Meet thy Doom … memoirs of a classic

Visiting the Nintendo eshop is dangerous. Especially when they have stuff on sale to tempt you.

The latest temptation for me was something that I own or have owned on several other gaming platforms over the years.

And yet I found myself buying the game again on the Switch!

That game is…

I’ve been playing Doom since it came out in the early 90’s as shareware on the PC.

I owned an Amstrad clamshell 16Mhz 386sx laptop back then. Which had I want to say a 40MB hard drive and 4MB of RAM. I seem to remember that I did upgrade the RAM at some point as well.

At the time I was playing Doom for the very first time I was working in Byfleet for a credit card manufacturer, writing PC software to control desktop credit card embossing machines and cheque printers.

We were a young team, all of us in our twenties. Obviously one ore two were more mature than the rest. But the majority of us were not. Practical jokes were often played. Several times that involved strippers! Like the time I was told I was needed to give a demo of my new software and the hardware it controlled to a client. They let me do the demo for over 20 minutes before giving the signal to the stripper to start her act!
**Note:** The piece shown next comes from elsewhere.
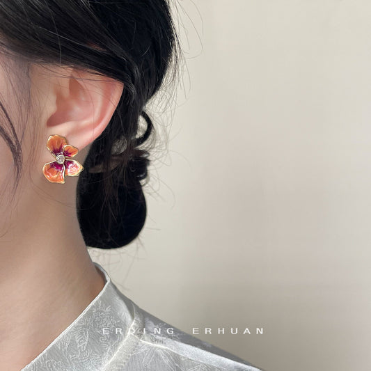 C廠【3965】法式復古鳶尾花琺瑯滴釉質感氣質優雅高級感鍍14K新款耳飾女耳環 24.05-3

It was a different age. Times were a changing, but they hadn’t reached our office. You couldn’t do that sort of stuff now days and I’m glad. I was a different person then to the one I am now. I’m embarrassed and ashamed of who I was back then.

That was were I was when Doom came out.

I had played and completed Wolfenstein 3D, so Doom was a no brainier for me.

Where I got the game from initially I’m not sure. I think the shareware version was on the cover of a PC magazine.

But wow I was hooked, as were one or two in the office as well. I think we had more than one lunch hour that saw the definition of what a lunch hour was stretched a bit.

I think it would be fair that the competition between those of us playing the game drove us onwards. It was especially fuelled by the end of level stats that told you how many of the secret rooms you had found, and items collected.

The strange thing is we never networked up our PCs and played multiplayer. We played it solo at our desks or at home. Networking PCs together then was a bit of a hassle, which probably put us off the idea.

By the time I had completed Doom I think I was the only one in the office still playing it.

During the years after if Doom was released for hardware I owned then I got it. I had Doom on my HP ipaq pda, and on the gba. I rebought it on the PC. I have it on the 360 and PS3. It’s on a raspberry pi I own. You get the picture.

So it was no surprise that with the game and it sequels (Doom 2 and 3) on sale on the Nintendo eshop it seemed the right time to grab them all.

I like playing original classic Doom. Now days it is almost a comfort thing and like getting to know an old friend again. With the gap between plays being several years there is a haziness to what I remember, it is familiar and yet new!

Anyway I will look more into Doom and how it plays on the Switch in a future post. But first I have Bioshock and the underwater world of Rapture to finish exploring.

If you are a fan of Doom you really must read “Masters Of Doom: How two guys created an empire and transformed pop culture” by David Kushner, and “DOOM Scarydarkfast” by Dan Pinchbeck. The later is a more academic look at the game. There is a Game Engine book about Doom that I haven’t read and don’t own (it’s expensive).